InLoc: Indoor Visual Localization with Dense Matching and View Synthesis
Hajime Taira, Masatoshi Okutomi, Torsten Sattler, Mircea Cimpoi, Marc Pollefeys, Josef Sivic, Tomas Pajdla, Akihiko Torii, CVPR, 2018
pose verification with view synthesis; image retrieval based localization; coarse-to-fine manner; dense matching
Develop a new large-scale visual localization method targeted for indoor environments:
- Introducing dense feature extraction and matching in a sequence of progressively stricter verification steps;
- The first to clearly demonstrate the benefit of dense association for indoor localization.
Collect a new dataset with reference 6DoF poses for large-scale indoor localization, and the dataset contains large variation in appearance between queries and the 3D database.
- InLoc dataset：
- Captured from smartphone.
- Capture the variety of occluders and layouts (e.g., people, furniture) as well as illumination changes.
- Two properties:
- Use mobile phone to capture images at a time months apart from the date of capture of the reference 3D model (changes in scene appearance of images and 3D model).
- Scanned sparsely on purpose to cover a larger area with a small number of scans.

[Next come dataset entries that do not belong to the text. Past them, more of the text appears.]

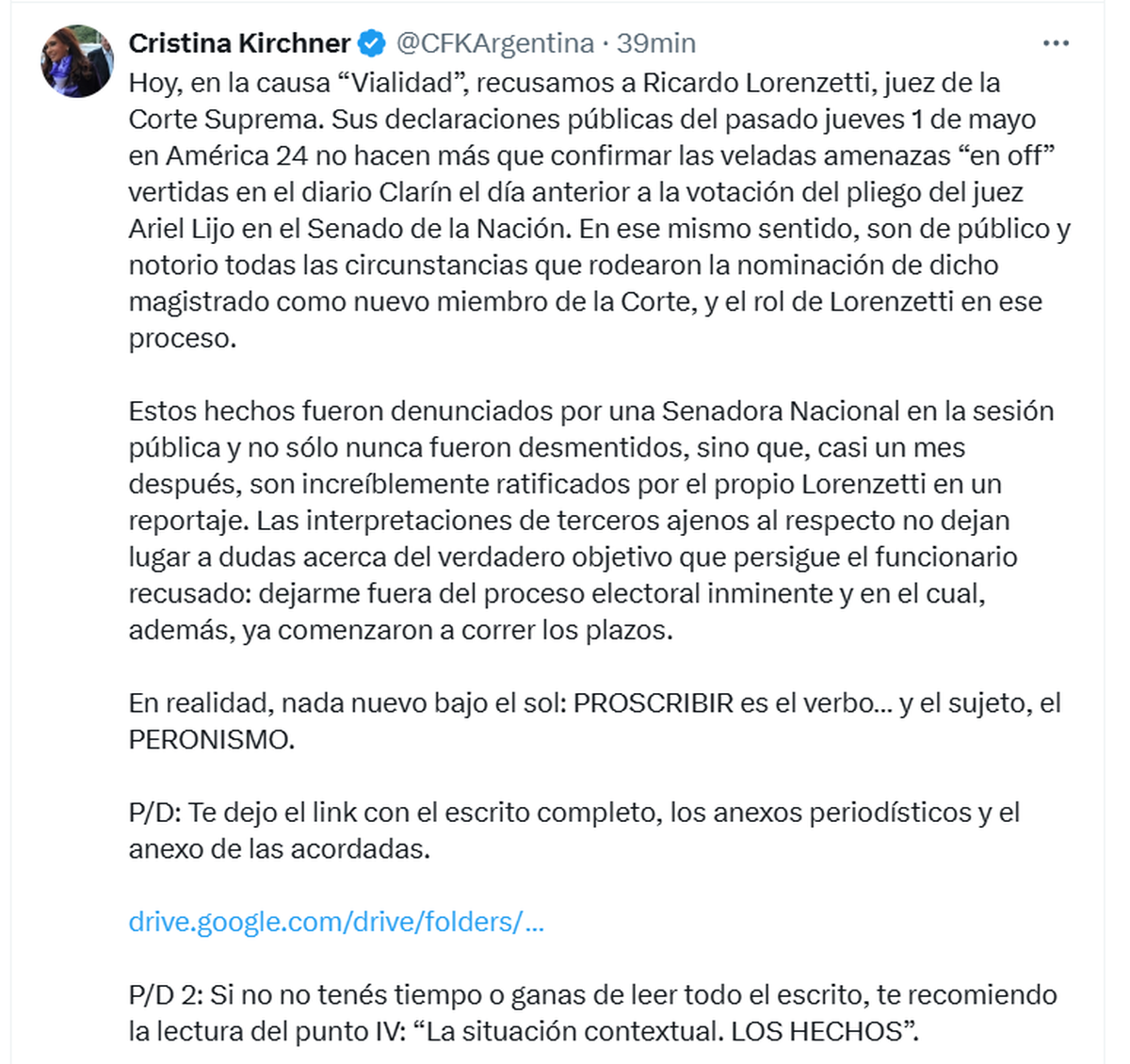 "Sus declaraciones públicas del pasado jueves 1 de mayo en América 24 no hacen más que confirmar las veladas amenazas 'en off' vertidas en el diario Clarín el día anterior a la votación del pliego del juez Ariel Lijo en el Senado de la Nación. En ese mismo sentido, son de público y notorio todas las circunstancias que rodearon la nominación de dicho magistrado como nuevo miembro de la Corte, y el rol de Lorenzetti en ese proceso", argumentó CFK al anunciar la recusación contra Ricardo Lorenzetti.
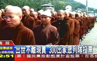 據臺灣媒體報道,10多輛大型游覽車,載著中臺禪寺的300多名和尚、尼姑,一同抵達投票所。300多人列隊整齊排在投票所外等候。
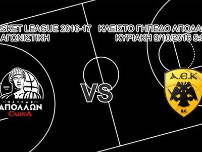 Ξεκίνησε η διάθεση των εισιτηρίων για το παιχνίδι της 1ης αγωνιστικής του πρωταθλήματος της Basket League 2016-17 ανάμεσα στον Απόλλωνα Πάτρας CARNA και την ΑΕΚ.
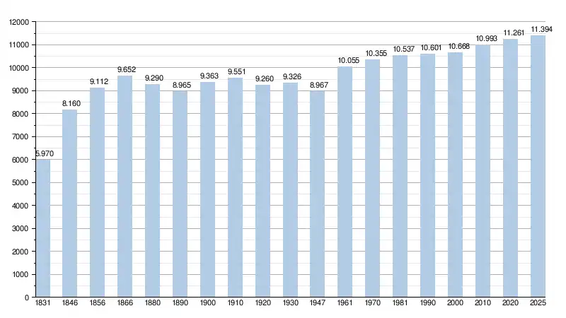 Les chiffres des années 1831 à 1970 tiennent compte des chiffres des anciennes communes fusionnées.
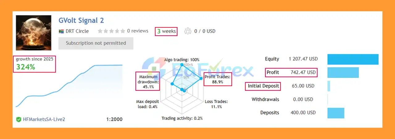 GVolt EA MT5 can operate with a low entry capital, with live signal results showing performance starting from as little as $65, making it accessible to smaller accounts.
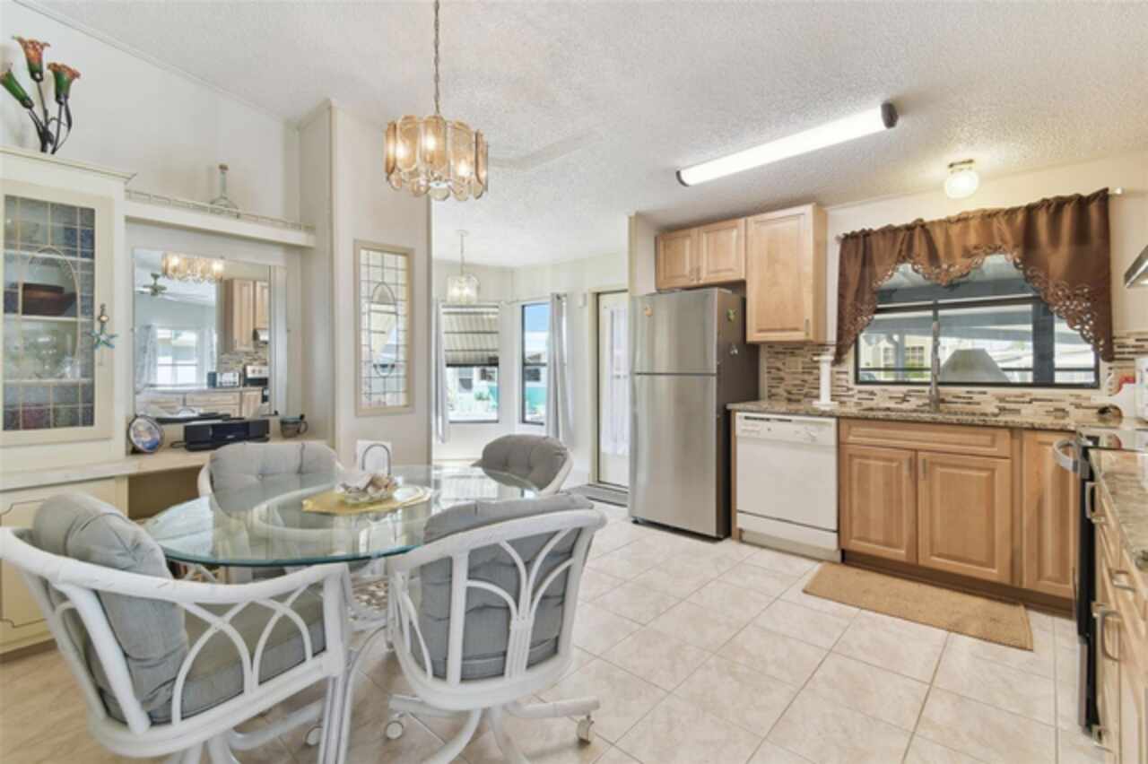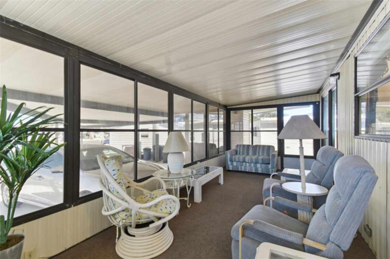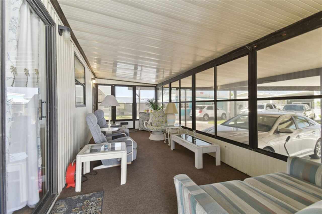 Discover comfortable living in this delightful mobile home nestled within Southwinds 55+ mobile home community, just minutes from Siesta Key! This two-bedroom, two-bathroom home features a thoughtfully designed layout that fills the living spaces with natural light. The kitchen, complete with appliances, seamlessly connects to the living area and features a bar area perfect for entertaining. The practical layout extends to the exterior, where a large screened in patio awaits for enjoying fresh air and outdoor moments. The home also includes convenient outdoor storage with a washer and dryer. This home offers comfort and convenience in a well sought after and welcoming neighborhood. The Southwinds community includes a community pool, shuffleboard, pickleball, bocce ball, and horseshoe courts, a putting green, picnic area, pool room, library, and a recreation hall. Book your tour today to experience all that this wonderful community has to offer!
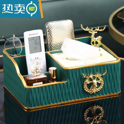 敬平简约现代家居装饰纸巾盒欧式轻奢家用客厅茶几遥控器收纳抽纸摆件 绿色边纹多功能纸巾盒A

Leads to critical view changes between query and database images.
3. Proposed Approach:
- Three main challenges of indoor environment:
- Lack of sparse local features --> use multi-scale dense CNN features for both image description and feature matching;
- Large image changes --> dense feature matches to collect as much positive evidence as possible;
- Self-similarity --> compare the query image with a virtual view of the 3D model rendered from the estimated camera pose of the query.
- Pipeline of InLoc:
- Candidate pose retrieval:
- Images are described by NetVLAD;
- Compute the normalized L2 distances of the descriptors.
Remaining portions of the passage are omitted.